Выбрать главу

После того как я поработал в фондах музея, мы с Помонисом весь вечер провели на берегу моря. Вот тут внизу. У самого его дома…

Утром, как ни рано я встал, придя в музей, я уже застал там Помониса. Почему-то он был в дорожном костюме, а на ногах его красовались крепкие кожаные постолы, в которых он обычно выезжал на разведки или раскопки.

Заметив мой недоумевающий взгляд, Помонис несколько смущенно объяснил:

— Хочу проехаться вниз, к ребятам, посмотреть, как там идут дела. А вы не составите ли мне компанию? Вот и Галка поедет.

— Когда мы едем? — спросил я.

— Пароход отходит через два часа, — ответил Помонис, — так что времени у вас осталось в обрез. Машина у входа в музей. Поезжайте в гостиницу, захватите вещи и скорее сюда. Очень рад, что вы решили ехать.

— О, господи, конечно, мне хочется поехать, — ответил я, — только вот при чем здесь «я решил»?

— Не понимаю, — отозвался Помонис.

— Ах вот как! Билеты на пароход у вас есть?

Помонис утвердительно кивнул головой.

— Покажите-ка, сколько их, — не отставал я, — ручаюсь, что три.

Помонису ничего не оставалось делать, как вытащить из бумажника билеты. Их действительно оказалось три.

— Я вижу, вы заодно с моими шалопаями, — пробурчал Помонис, — ну ладно. Мой ответ впереди. Deus vult! Так хочет бог, как говорили крестоносцы.

И вот мы все трое уже плывем по Дунаю. Весело и шумно на залитой солнцем палубе. Весело и шумно на самой реке. Широк Дунай. Десятки барж, буксиров, рыбачьих шхун, пассажирских пароходов стоят на причалах или плывут по волнам. Сильный ветер полощет разноцветные флаги многих стран. Когда пароходы сближаются, пассажиры кричат что-то друг другу каждый на своем языке. Широк и волен опененный Дунай. «Дунай, Дунай — дорога без пыли», как говорят в этих местах. Да, здесь он совсем не голубой, а именно желтый, даже коричневатый. Наверное, голубой цвет красивей, только желтизна реки животворна. Желтый цвет от частичек плодороднейшего ила, который образует островки.

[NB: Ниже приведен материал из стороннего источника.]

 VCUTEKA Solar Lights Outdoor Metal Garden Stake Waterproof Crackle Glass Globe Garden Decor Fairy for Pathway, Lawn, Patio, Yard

Они почти сразу покрываются буйной растительностью. Крестьяне вывозят ил на поля, и урожаи в этих местах удивительные.

Пока мы с Галкой, у которой ветер то и дело выхватывал из-под косынки и развевал пряди рыжих волос, глазели на встречные пароходы, Помонис, как всегда, отыскал знакомого — это был бородатый мрачный человек. Помонис объяснялся с ним по поводу какого-то монастыря. Насколько я понял, в этом монастыре постепенно разрушались старинные фрески, и профессор горячо убеждал своего мрачного собеседника заняться их консервацией.

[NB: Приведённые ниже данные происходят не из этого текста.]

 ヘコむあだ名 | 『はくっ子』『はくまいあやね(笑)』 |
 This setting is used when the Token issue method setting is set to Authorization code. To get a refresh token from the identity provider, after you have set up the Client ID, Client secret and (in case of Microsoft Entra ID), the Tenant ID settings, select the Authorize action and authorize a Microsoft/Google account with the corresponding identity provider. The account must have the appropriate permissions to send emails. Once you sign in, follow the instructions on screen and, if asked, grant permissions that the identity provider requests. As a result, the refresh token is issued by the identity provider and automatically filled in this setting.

Кончилось наше путешествие на пароходе у небольшого рыбацкого городка. В широкой полукруглой бухте покачивались десятки судов — от аристократов, белых многоэтажных пассажирских пароходов, до легких парусных суденышек с черными просмоленными бортами и латаными парусами. Почти все суда рабочие — рыболовные траулеры, буксиры, шхуны. Городок расположен на склоне. Маленькие, в большинстве одноэтажные, белые домики сбегают вниз к бухте, где центр всей жизни города. Оказалось, что нам нужен директор местного рыбоконсервного завода — приятель Помониса (где только у него нет приятелей!), у которого можно одолжить машину. Мы пошли на завод, по пути оглядывая автобусную станцию, тенистый парк, чистенький отель, клуб моряков с кокетливой вывеской. Город пропах рыбой, смолой, солью. Все ресторанчики и кафе называются «Чайка», «Альбатрос» или, на худой конец, «Рыбацкий». Рыбу продают в магазинах и на лотках, рыбу везут в маленьких четырехугольных тележках вислоухие ослики.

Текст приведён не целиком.